To sharpen the focus of their search, the scientists selected 191 Greenlanders whose ancestry was 95 percent Inuit or greater. (Many Greenlanders can trace some of their ancestry to Europe because of the island’s colonization by Denmark.) The researchers looked at the DNA of these people for variations in genes important to metabolism.
“We wanted to scan the genome and ask, where do we find the strongest signals of natural selection?” Dr. Nielsen said.
The researchers found several genetic variants at different locations in the genome that were unusually common in the Inuit, compared with people in Europe or China. Several of these variations occurred within a cluster of genes that direct construction of enzymes called fatty acid desaturases. (The genes are called FADS, for short.)
This discovery was particularly tantalizing, because the scientists knew that these enzymes helped regulate the different fats in our bodies, including omega-3 fatty acids.
Even more intriguing was the fact that one of these gene variants was present in almost every Inuit in the study. It is much less common in other populations: About a quarter of Chinese people have it, compared with just 2 percent of Europeans.
Natural selection is the only known way this gene variant could have become so common in the Inuit. Dr. Nielsen said this adaptation might have arisen as long ago as 20,000 years, when the ancestors of the Inuit were living in the Beringia region, which straddles Alaska and Siberia.
To uncover the effect of this variant gene, the scientists compared the Inuit in their study with others with more European ancestry. Some had inherited a European version of the variant. People with two copies of the Inuit gene had different blood levels of fatty acids than people without them, the researchers found.
It’s possible that with so much extra omega-3 in their diet, the Inuit evolved a way to bring blood levels of fatty acids back into a healthy balance. “It seems that a genetic adaptation has counteracted the high intake of omega-3 fatty acids,” said Marit E. Jorgensen, an author of the new study from the University of South Denmark.
The adaptation did more than just change blood levels of fatty acids, the scientists found. Inuit who carried two copies of the variant gene were on average an inch shorter and 10 pounds lighter than those without a copy.
“That’s quite extreme,” said Dr. Nielsen.

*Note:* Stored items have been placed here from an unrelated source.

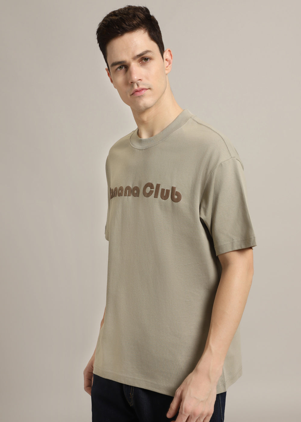 Banana Club Embossed Tan Plain Oversized Fit T-shirt
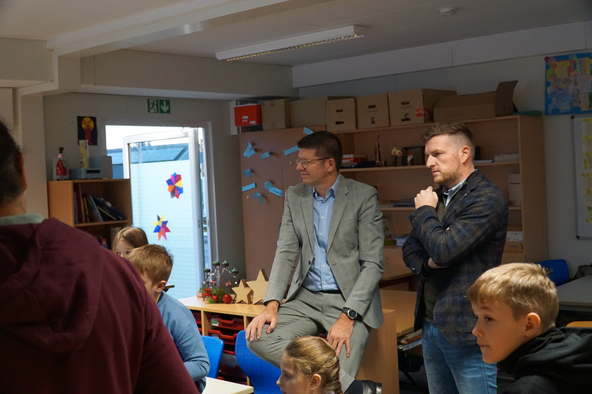 Ein Pädagoge der Deutschen Umwelt Aktion hat in der letzten Woche gemeinsam mit Bürgermeister Stephan Muckel und Klimaschutzmanager Benedikt Wouters die Grundschule in Kückhoven besucht. Auf dem Plan stand das spielerische Erleben von Energiegewinnung.
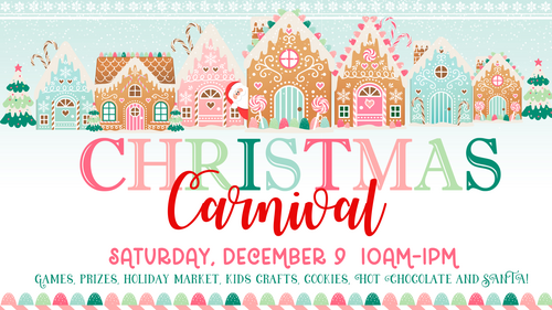 Join us for a festive Christmas Carnival. We will have carnival games, prizes, a holiday market, hot chocolate and a visit from Santa! This is a free event open to the public.

Indeed, it’s rare to find a single gene that can influence height and weight so drastically. In recent years, scientists have run a number of large studies pinpointing hundreds of genes that affect height and weight, but each one played a minuscule role in the variation from person to person.
Those studies missed this influential gene variant because they focused mostly on people of European ancestry. So Dr. Nielsen and his colleagues also investigated how it affects Europeans. As it turns out, the gene variant is linked to a drastic drop in height and weight in that population, too.
The idea that the Inuit adapted to eating fatty food was very plausible, said Anthony G. Comuzzie, a geneticist at the Texas Biomedical Research Institute in San Antonio who was not involved in the study. But he cautioned that natural selection might not have favored the FADS variant but a neighboring, as yet unknown piece of DNA that conferred evolutionary advantages.
As that gene spread through the Inuit population, the FADS variant might simply have been passed down with it.
Dr. Nielsen and his colleagues are planning to investigate the long-term health effects of the gene variants they’ve found. They may help explain why some of us metabolize fats more effectively than others, and why omega-3s haven’t been the heart panacea once hoped.
But the research may also shed light on what sort of dietary changes might benefit the Inuit in particular. “Very soon, these results could be translated into help for people with their dietary choices,” Dr. Nielsen said.